[Detection the mutated protein aggregation and mitochondrial function in fibroblasts from amyotrophic lateral sclerosis patients with SOD1 gene mutations].

OBJECTIVES: To explore mutant superoxide dismutase (SOD)1 protein expression and mitochondrial function in amyotrophic lateral sclerosis (ALS) patients' fibroblasts carrying different SOD1 mutations.
METHODS: SOD1 gene mutation was detected using PCR and direct sequencing. Skin fibroblasts of three familial ALS patients with mutations and age/gender matched controls obtained by a punch skin biopsy were cultured.
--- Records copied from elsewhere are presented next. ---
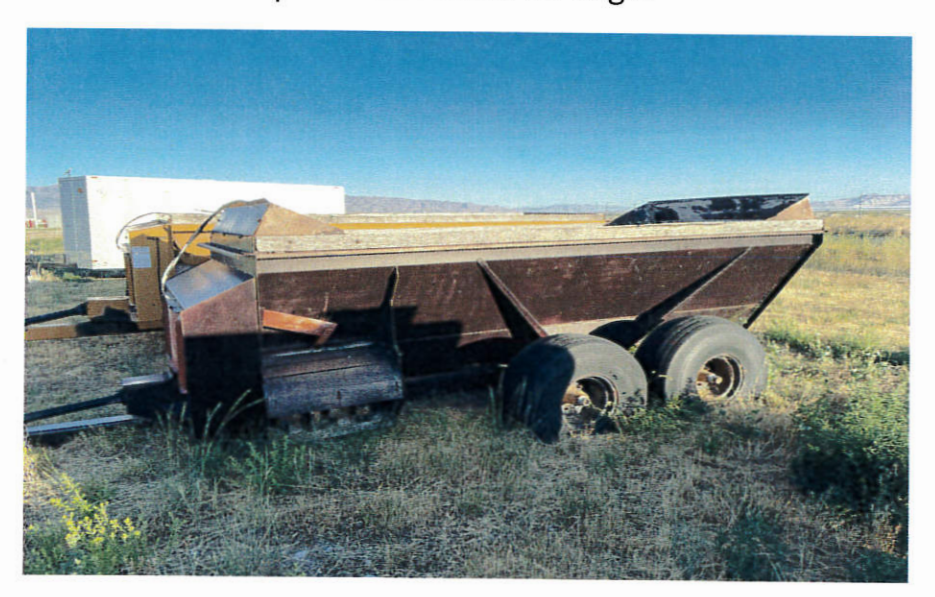
No information available $1000.00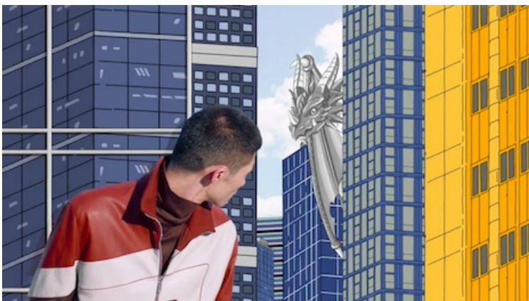
Hermès: China still packs power.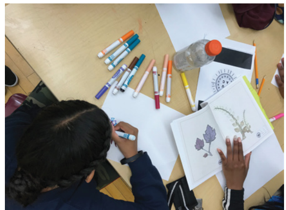
Student working on a drawing during the workshop.

The first workshop took place in Wingate High School and was dedicated to the observation of landscape. The theme was: WHAT ARE IMAGINARY PLANTS? HOW WE CAN CREATE THEM? Anne Percoco presented her herbarium project Parallel Botany (The Study of Imaginary Plants) that contains over 90 imaginary plants. Students were then invited to design their own imaginary plants and collectively create visual elements for a new herbarium. Their proposals (drawings and texts) were then incorporated into the mural.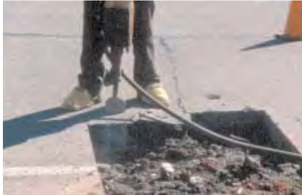
2 Remove as much pavement as needed to reach firm support.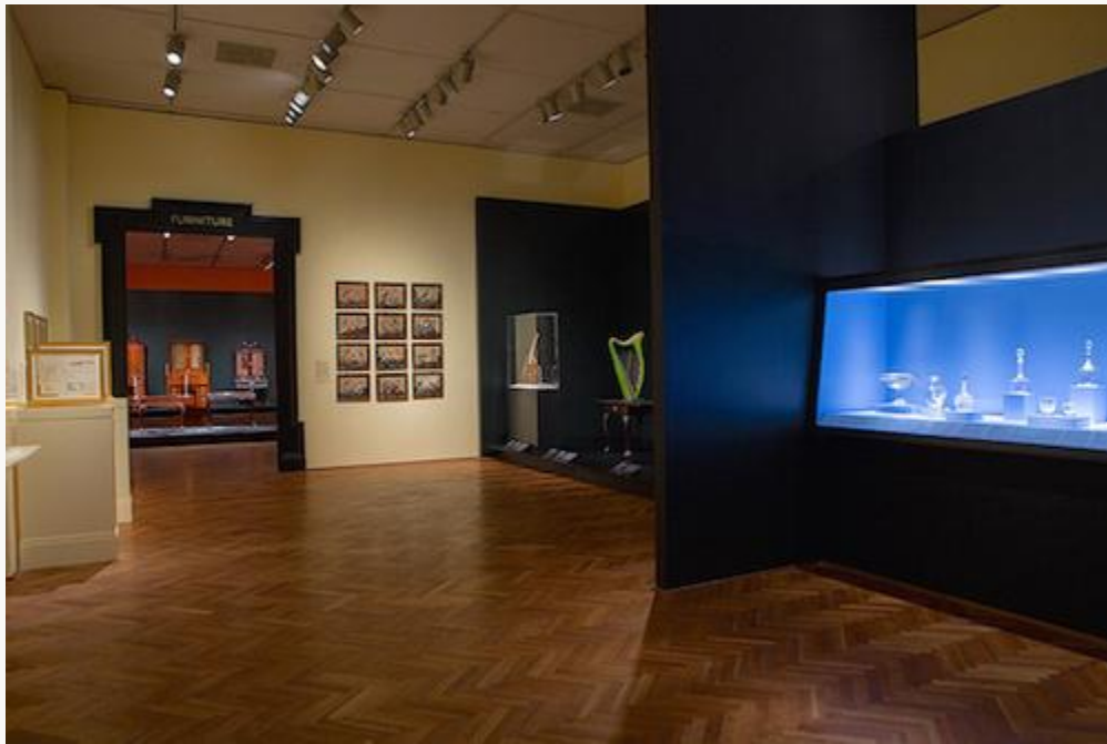
Fig. 18, View of three-part sequence of “Made in Ireland,” showing Glassware and Musical Instruments. [return to text]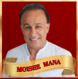
REAL ESTATE ENTREPRENEUR OF THE YEAR MANA COMMON

We performed immunofluorescence staining and quantitative detection of SOD1 proteins and mitochondrial membrane potential. Also, we detected the intracellular ROS by flow cytometry.
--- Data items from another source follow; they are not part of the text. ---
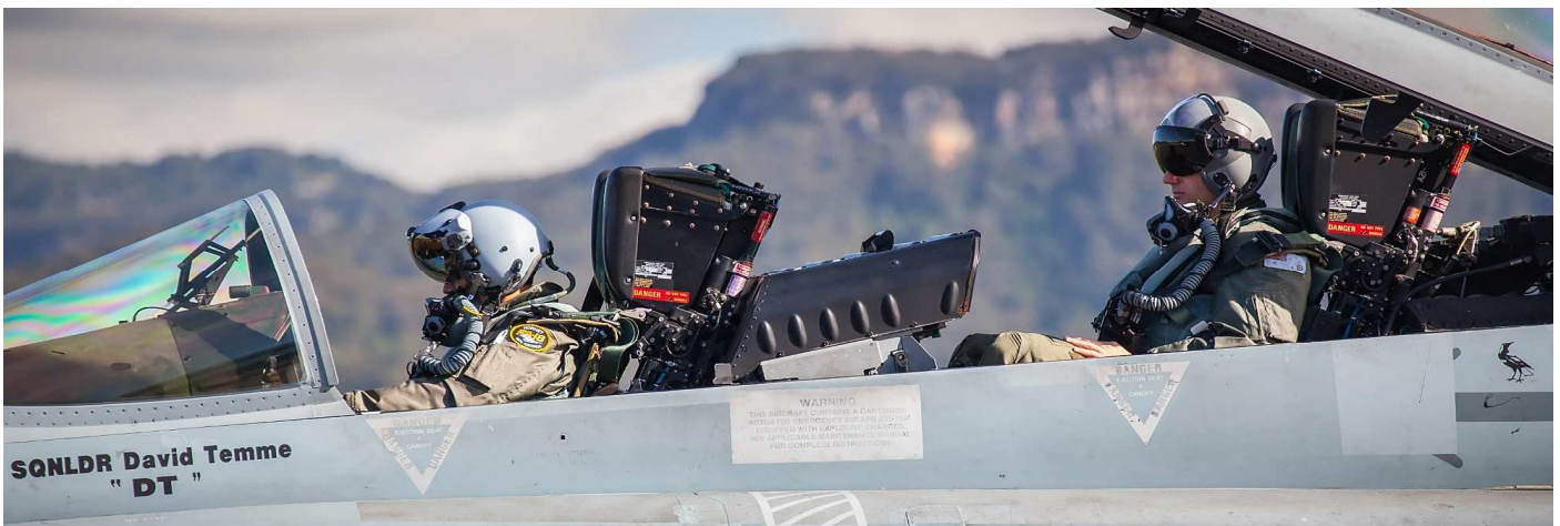
F18 pilots at 'Wings over the Illawarra' Air Show 4 th May, 2014

Images from above Tasks & Outings can be put in Greg's letterbox (7 Eisenhower Place, Bonnet Bay) till Sunday 29 th June.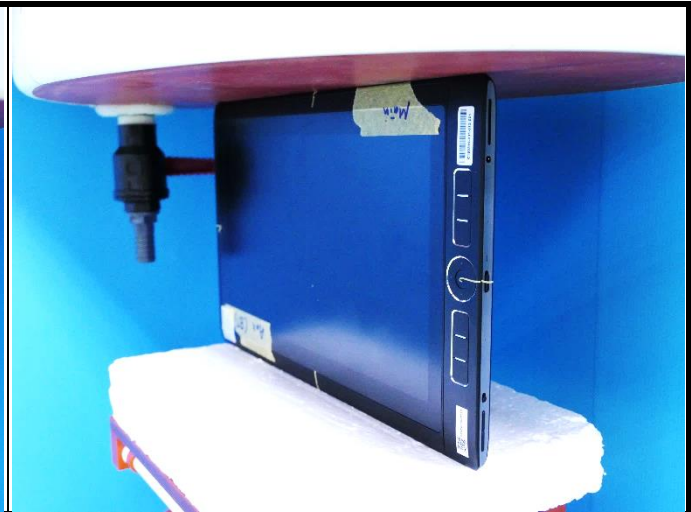
Body - Bottom Side of EUT at 0 mm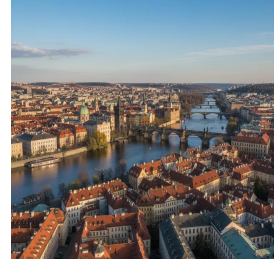
براغ - جمهورية التشيك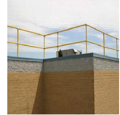
Fig. 1: Guardrails along roof edge

The employer must install guardrail systems where feasible and when fall arrest systems, fall restraint systems, or safety nets are not in place ( Fig\ 1 ). Guardrails are a first line of defense for fall protection. According to OSHA, the top edge of the guardrails must be between 39 and 45 inches above the walking area, taking into account all circumstances. For example, if an employee is using a step ladder near the railing, the top rail will need to be raised or other fall protection means used while the step ladder is in place. Guardrail systems must be able to withstand a force of 200 pounds without failure. A guardrail system is not required if alternatives such as personal fall restraint systems, fall arrest systems, or safety nets are in place.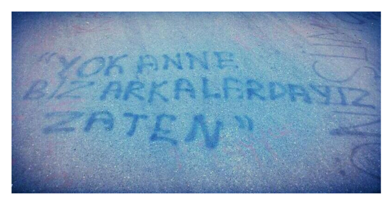
Image 5 "Don't worry Mom, we are at the back rows."

by framing them as children and denied them agency, but also reaffirmed the state's claim to the representation of interest by placing it in the position of a husband who delegates his wife to parent their children. In response to this paternalist emasculation, this time mothers themselves took to the streets and gathered at Gezi Park to create a circle around their children to protect them from the police. These women, who chose to participate in the protests by dancing, banging on pots and pans, singing, and even cooking to support their children (see Image 6), resorted to the reversal-of-the-metaphor technique to subvert the role of motherhood imposed on them by the state by accepting the role but using this authorization for its opposite purpose by becoming protestors themselves. They also subversively imitated the voice of the state to address the mothers, not of the protestors, but of the police officers attacking the demonstrators: "Dear mothers of the police," they

RESULTS: We found that fibroblasts from familial ALS patients carried SOD1-V14M, SOD1-G16A, SOD1-C111Y mutation, respectively. The cytoplasm abnormal SOD1 protein aggregates appeared in ALS patients carrying SOD1 mutations. And the cytoplasmic/nuclear ratio of SOD1 aggregates increased 2.54, 2.80, 3.25-fold for each mutations, respectively, compared to the control group. Three SOD1 mutant groups showed loss of mitochondrial membrane potential and the ratio of red / green fluorescence intensity decreased by 36%, 124%, 142%, respectively, compared to the control group. The intracellular ROS levels also increased 3.33, 3.65, and 6.87-fold respectively.
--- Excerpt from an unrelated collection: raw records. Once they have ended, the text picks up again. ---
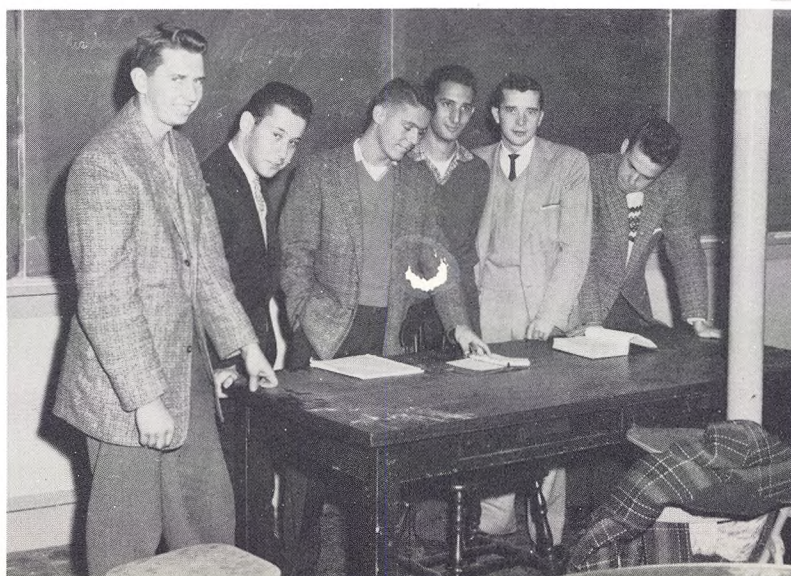
Club members decide on guest speaker for the next meeting.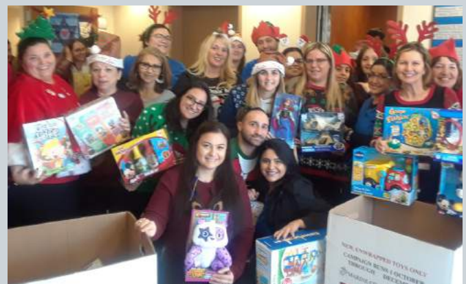
Orthopedic Staff at 3333 Hylan Boulevard Toys for Tots Donation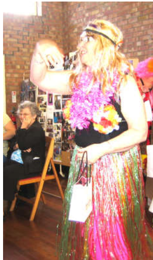
Bloody Coconut Mary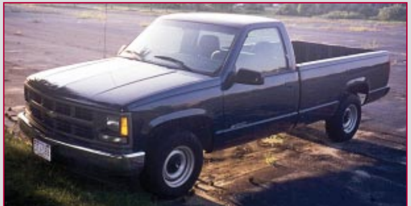
1998 CHEVROLET C1500 PICKUP TRUCK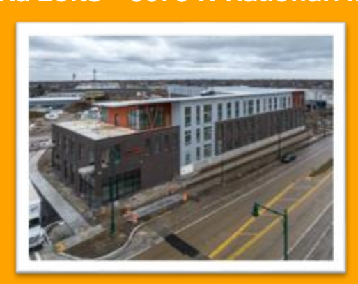
Former Tenaxol – 5801 W National Ave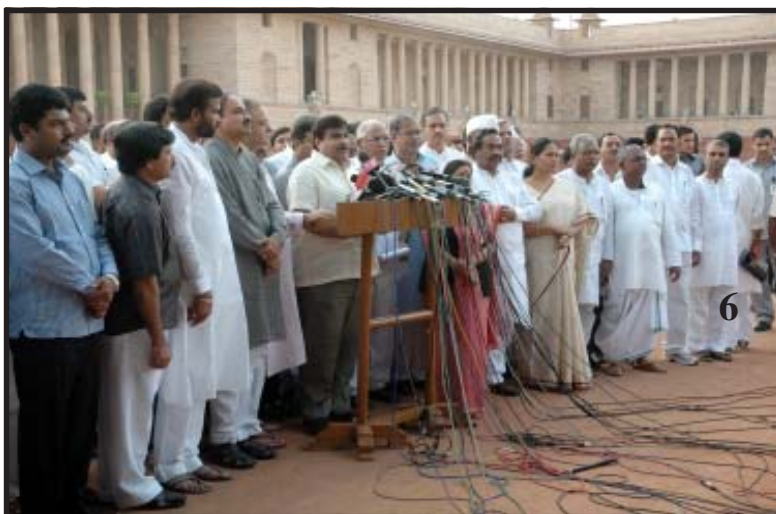
BJP submits Memo to President

CONCLUSIONS: This work highlights that ALS alters SOD1 protein expression, mitochondrial function, and increases the ROS level even in peripheral tissues outside the central nervous system. Fibroblasts might therefore represent a powerful and minimally invasive tool to investigate ALS pathogenic mechanisms, which might translate into considerable advances in clinical management of the disease.